╭─ Data

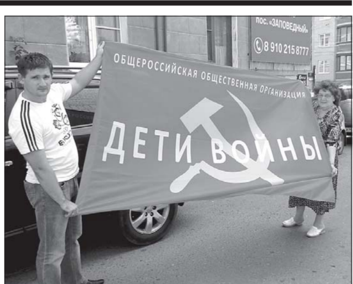
бирает воспоминания детей войны для публикации в СМИ. В планах — выпуск брошюр с воспоминаниями непосредственных участников тех страшных событий. Также ООО «Дети войны» организует поездки по местам боевой славы, музеем Солдовинского края, добивается льгот на посещение бассейна, бесплатных профосмотров и др.

В городах и селах Курской области: - проводятся акции и собираются подписи в поддержку принятия закона «О детях войны», обращения, письма детей войны по этой проблеме направляются в органы государственной власти и местного самоуправления, в региональные общественные палаты и т.д. Самостоятельно, либо в тесном контакте с советами ветеранов проводится патриотическая работа со школьниками и молодежью, еженедельные встречи детей войны в библиотеках, музеях боевой славы (Поньри, Прохоровка). ООО «Дети войны» со-
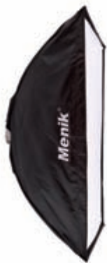
Obrázek 3.13: Softbox
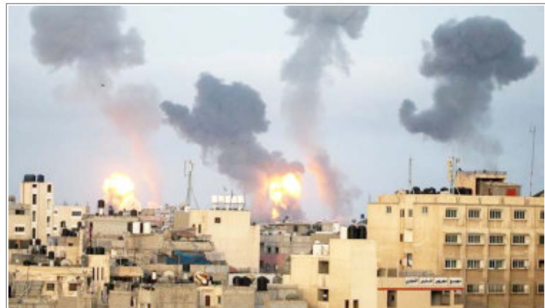
हिजबुल्लाह पर इजरायल ने किया पलटवार

यूक्रेन को मिली नई मिसाइल 300 किलोमीटर तक मार करने वाली है। पता चला है कि अमेरिका ने अक्टूबर 2023 से यूक्रेन को इन मिसाइलों को देना शुरू किया था। अब जबकि अमेरिकी राष्ट्रपति जो बाइडन ने 95 अरब डॉलर की सहायता स्वीकृत कर दी है तो उसके अंतर्गत भी ये मिसाइलें यूक्रेन को दी जाएंगी। माना जा रहा है कि युद्ध में इन मिसाइलों के इस्तेमाल से यूक्रेन को ताकत मिलेगी।
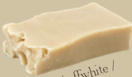
Melk / offwhite / Geur: neutraal
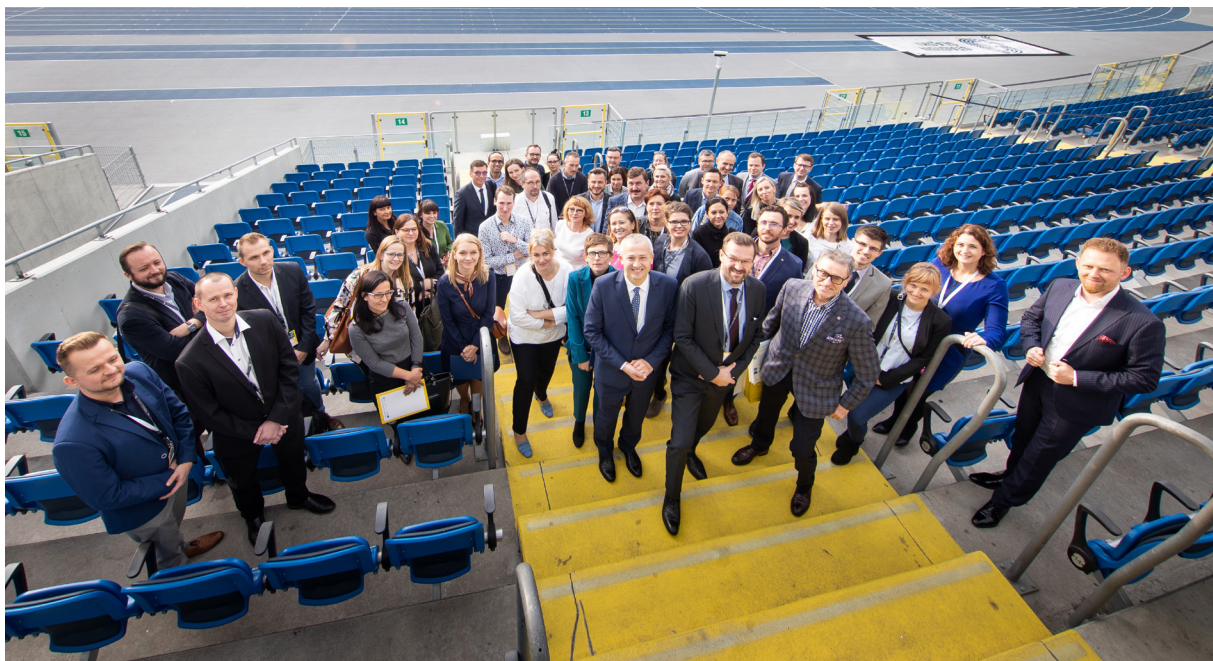
Stadion Śląski gościł ponad stu uczestników konferencji.

╰─

# Your goal:
Within the data, count the lines that hold the word "славы". Answer with the figure and nothing more.

# Written response:
2